# Understand the principle of affine transformation and python implementation code

2022-02-02 04:21:49

Affine transformation of images is often used in data enhancement of computer vision , By affine transformation, we mean rigid body transformation , That is, two parallel lines are still parallel after affine transformation , Perspective transformation is not rigid body transformation , Beyond the scope of this article . Usually flip 、 translation 、 rotate 、 Shrinkage 、 Any combination of staggered transformation belongs to affine transformation . Affine transformation can be expressed by the following formula ：

Where the rotation angle acts on a b d e,scale Act on a e, Shear transformation acts on b d, Translation acts on c f, As shown in the figure below ：

## 1. cv2.getRotationMatrix2D Detailed explanation

opencv Of cv2.getRotationMatrix2D Function can obtain the rotation transformation matrix . Enter the coordinates of the center point (centerX,centerY), Rotation Angle θ And scaling 1, give M Transformation matrix ：

$\left[ \begin{matrix} cosθ & -sinθ & (1 - cosθ) * centerX + sinθ * centerY \\ sinθ & cosθ & (1 - cosθ) * centerY + sinθ * centerX \\ 0 & 0 & 1 \end{matrix} \right]$

How is this affine transformation matrix derived ？ Affine transformation matrix adopts polar coordinate system, which is easy to reason . Let's first rotate a point based on the origin , Here's the picture , take V1 The dot rotates counterclockwise θ Angle to V2 spot , Let's first assume that the scale is 1.

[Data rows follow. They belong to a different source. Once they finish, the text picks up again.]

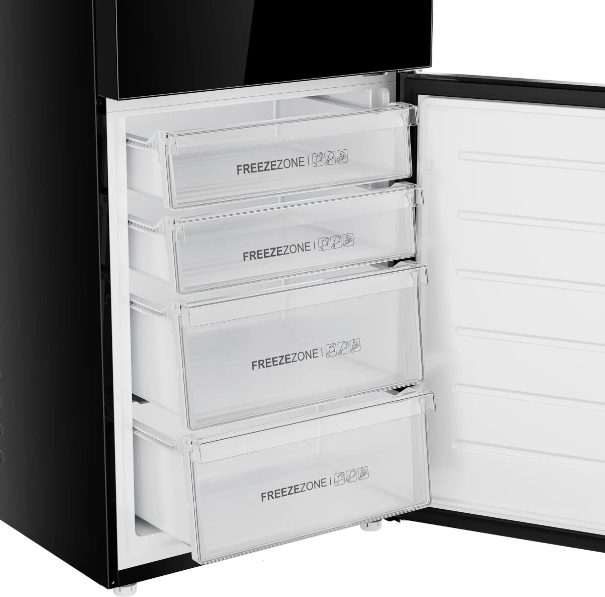 Трехкамерные модели выпускаются в нескольких вариантах. В некоторых случаях в качестве третьей камеры поступает так называемая зона свежести — отделение, где поддерживается температура около 0 градусов. В другом варианте подобные модели имеют морозильную камеру, состоящую из двух выдвижных ящиков.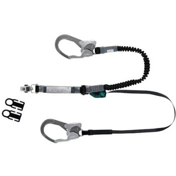 常時巻取式と伸縮式の2丁掛けランヤードです。伸縮式ランヤードの長さは約1.6mです。ストラップには常に巻取テンションが掛かっており、ロック機構と相まって落下距離を最短に抑えられる仕様のランヤードです。使わないときは短く縮んでいるため、移動時の引っ掛かりなどを抑えることができます。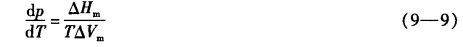 式(9—9)称为克拉佩龙方程,式中的T及p既表示环境的温度及压力,又为系统的温度及压力,此式适用于单元系的任意两相平衡,对于蒸发或升华,p为外压,也是饱和蒸气压,对于熔化及晶型转变,则p表示外压。
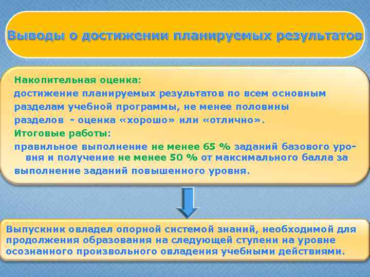 Накопительная оценка: достижение планируемых результатов по всем основным разделам учебной программы, не менее половины разделов - оценка «хорошо» или «отлично» . Итоговые работы: правильное выполнение не менее 65 % заданий базового уровня и получение не менее 50 % от максимального балла за выполнение заданий повышенного уровня. Выпускник овладел опорной системой знаний, необходимой для продолжения образования на следующей ступени на уровне осознанного произвольного овладения учебными действиями.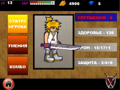 В меню улутшения. В разделе Статус Игрока вы можете улутшить ваши статы за очки умений которые вы получаете за новый уровень, для улутшения нажмите на нужный стат. В разделе Умений вы можете улутшить умения игрока за алмазы, которые вы получаете в аркадном режиме или за каждую 5 волну в выживании, для улутшения нажмите на зелёную стрелку. В разделе Комбо вы можете покупать и улутшать ваши комбо, как их использовать написано в информации о комбо.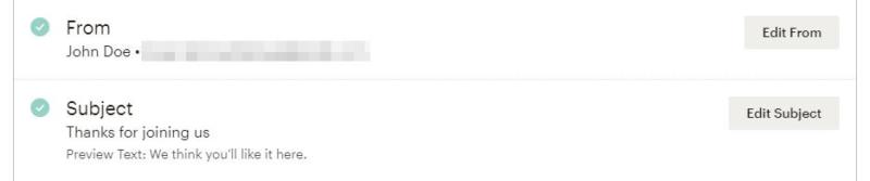 At this point, you're ready to start working on your welcome email. To get the ball rolling, you can configure from which account the email will be sent, and give it a subject: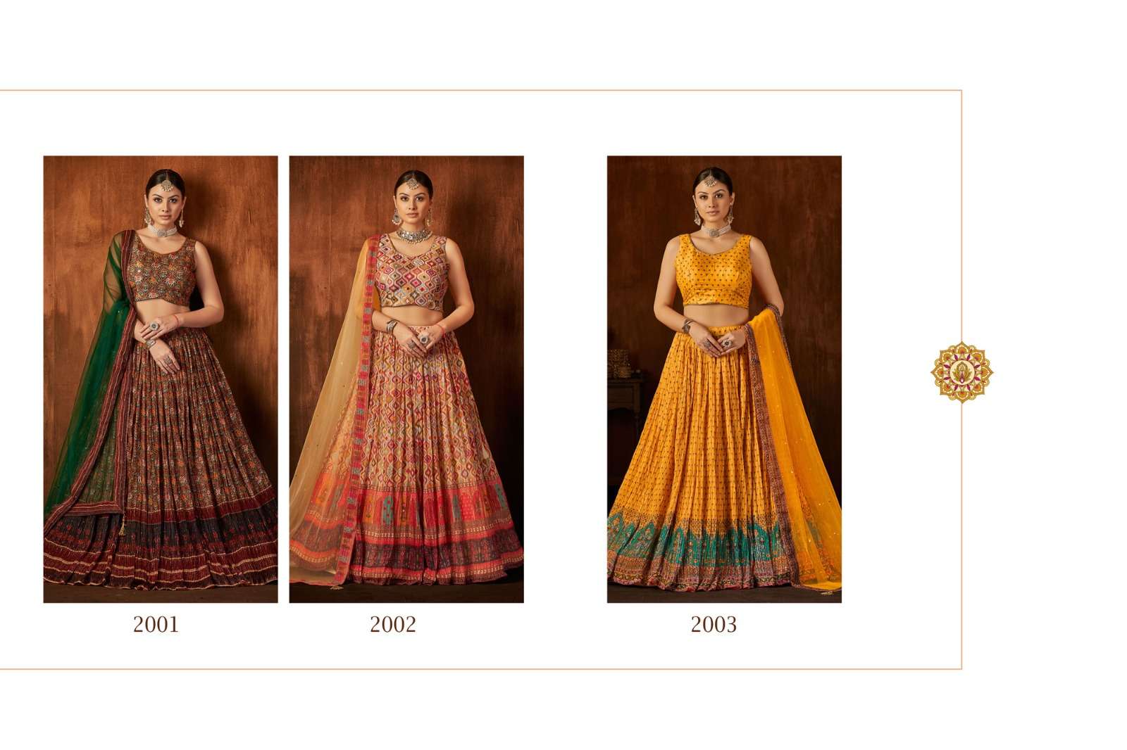 For the upcoming Festive seasons we launch Readymade Crop-top Choli catalog Catalog Name :- Aakrut vol 2 Fabric Details :- Size : L(40) , XL(42) , XXL(44). Lehenga Fair : 3.5 Meter. Note : Sleeves are attach in the Choli. GST : 5%. |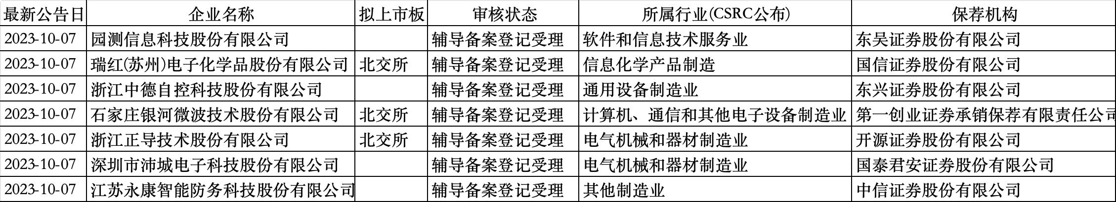 证监会网站显示,10月7日共有7家公司启动A股IPO辅导。其中,新三板公司银河股份、正导技术和瑞红苏州相继启动了北交所上市辅导。

V1 The angle between the point and the origin line and the horizontal line a,V2 The angle between the point and the origin line and the horizontal line b=a+θ. Calculate the rotation transformation matrix ： remember V1=(x1, y1), V2=(x2, y2)

But usually we rotate based on the center point , If you need to go around any point （tx,ty） rotate , We can
1. First translate the rotation point to the origin
2. Then perform the above rotation operation
3. Press 1 The reverse operation of translation goes back
You can get the transformation matrix of rotating points around any point ：

## 2. warpAffine operation

### 2.1 obtain M Affine transformation of matrix

Get the transformation matrix M, Each point of the image is M The rotated image can be obtained by transformation , This step can be done by opencv Of warpAffine obtain . But through the above operation , After rotation, the large image will lose information , As shown in the figure below ：

### 2.2 Expand the canvas

With the same canvas size , There will be some images beyond , Display incomplete , So we need to expand the canvas to ： The new height is composed of two blue lines in the picture :new_H=int(w∗abs(sin(radias(angle)))+h∗abs(cos(radias(angle))))

The new width consists of two red lines in the picture : new_W=int(h∗fabs(sin(radians(angle)))+w∗fabs(cos(radians(angle))))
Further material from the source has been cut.